# Aloha



## MugenAR (27 Sep. 2012)

Hallo da draussen, 

vom Nickname her dürften mich die ein oder anderen evtl. kennen.
Komme aus NRW und bin 25 Jahre alt.

Ich bin hauptsächlich hier wegen der deutschen Mädels, wie z.B. Annemarie Warnkross, Nazan Eckes, Joey Grit Winkler und viele mehr =)

Grüße

Mugen


----------



## Mandalorianer (27 Sep. 2012)

Herzlich 

 auf dem schönen cb-spray88,,,,


----------



## Sachse (27 Sep. 2012)

welcome on Board _Mugen_, Name sagt mir was


----------



## Padderson (27 Sep. 2012)

Welcome aboard MugenAR und viel Spaß beim stöbern:thumbup:
Das "Mugen" kommt vom Honda?


----------



## Punisher (27 Sep. 2012)

herzlich willkommen


----------



## kayfan02 (28 Sep. 2012)

Hi Mugen, ich kenne Dich wohl auch. 

Herzlich Willkommen und viel Spaß hier.


----------



## General (28 Sep. 2012)

Herzlich Willkommen auf CB


----------



## Pomm (28 Sep. 2012)

Herzlich Willkommen!


----------



## Death Row (28 Sep. 2012)

Ja dich kenne ich noch.

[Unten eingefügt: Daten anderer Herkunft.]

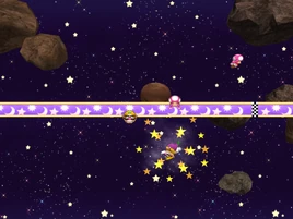 The two characters compete to make their way through an asteroid belt in outer space. The goal for each character is to reach the end first. The asteroids serve as obstacles, because if a character hits one, they spin around in a fixed position for a few seconds. At the same time, the asteroid is knocked out of the way. Whoever passes through the goal ring at the end first is the winner, but if both players do so simultaneously, the minigame ends in a tie.

Hi!


----------



## MugenAR (28 Sep. 2012)

Padderson schrieb:


> Welcome aboard MugenAR und viel Spaß beim stöbern:thumbup:
> Das "Mugen" kommt vom Honda?



nene das kommt aus den kanji und bedeutet unendlichkeit

jap manche kennen aus dem BB


----------



## congo64 (28 Sep. 2012)

Kenne dich zwar nicht, aber wer wegen NAZAN hier ist, den heiße ich allerherzlichst willkommen:thumbup:


----------